Latigo Ranch was founded as a dude ranch in Grand County, Colorado, by Frederick Kasdorf, Jr. It was originally named Snowshoe Ranch. Kasdorf single-handedly built the Main Log Lodge in 1923 soon after he and his wife arrived (by covered wagon from Denver) to homestead in the Kremmling area. He built up and ran the 550 acre Snowshoe Dude Ranch for over 30 years.

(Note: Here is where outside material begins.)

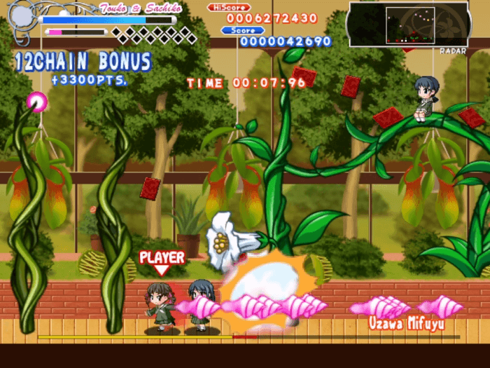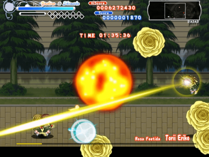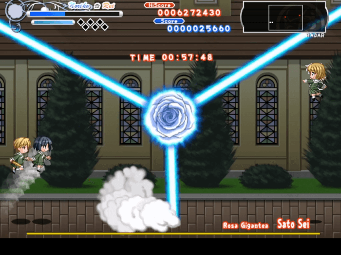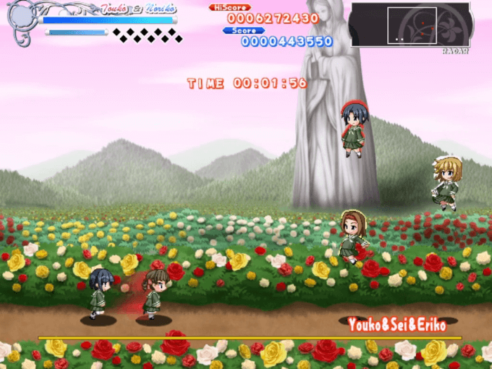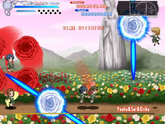 紅薔薇連弾を制作した同人ソフト系最大手サークルのマリみて同人ゲーム2作目。ジャンルは横スクロールアクションシューティング。滑らかなドット絵の祐巳たちが敵を蹴散らす爽快感あふれる弾幕アクションシューティング。

Grand County Historical Society speculates that Zane Grey stayed at the Snowshoe Ranch or at least camped nearby while he wrote The Mysterious Rider as the Kasdorfs did say in their advertisements that "guests could ride 'forest-Indian' trails that Theodore Roosevelt and Zane Grey knew"! In 1959, Kasdorf sold the dude ranch operation and headed into retirement. The Christiansons bought the 53 acre which included the Lodge, and they added a few cabins and continued the ranching operation. Jack and Dot Lyons bought Snowshoe in 1973, and they sold it to Cece and Sharon Krewson in 1977. He sold it in 1982 to David Wasserstrom of Pennsylvania who, with Bill and Carol Hillier as managers, bought the balance of the original Kasdorf ranch, and making many contemporary improvements, changed the name to Latigo Ranch. Their improvements included construction of a new access road into the ranch, addition of the Social Club, swimming pool, fishing pond, barn and arena, and 3 duplex guest cabins. They sold the ranch in 1987 to Randy and Lisa George and Jim and Kathie Yost. As of 2017, the Yosts went into retirement and currently, Randy and Lisa George as well as their children run and manage the ranch full time.

The George family lives at the ranch year-round and operate Latigo as a Nordic center in the winter and a dude ranch in the summer. Latigo Ranch is relatively small, having a guest capacity of 35. Around 50000 acre of the land that Latigo uses for horseback riding and cross country skiing is part of the adjacent Medicine Bow - Routt National Forest.

In 2004, Latigo Ranch was voted "Best Dude Ranch in Colorado" by Colorado's Best: The Essential Guide to Favorite Places.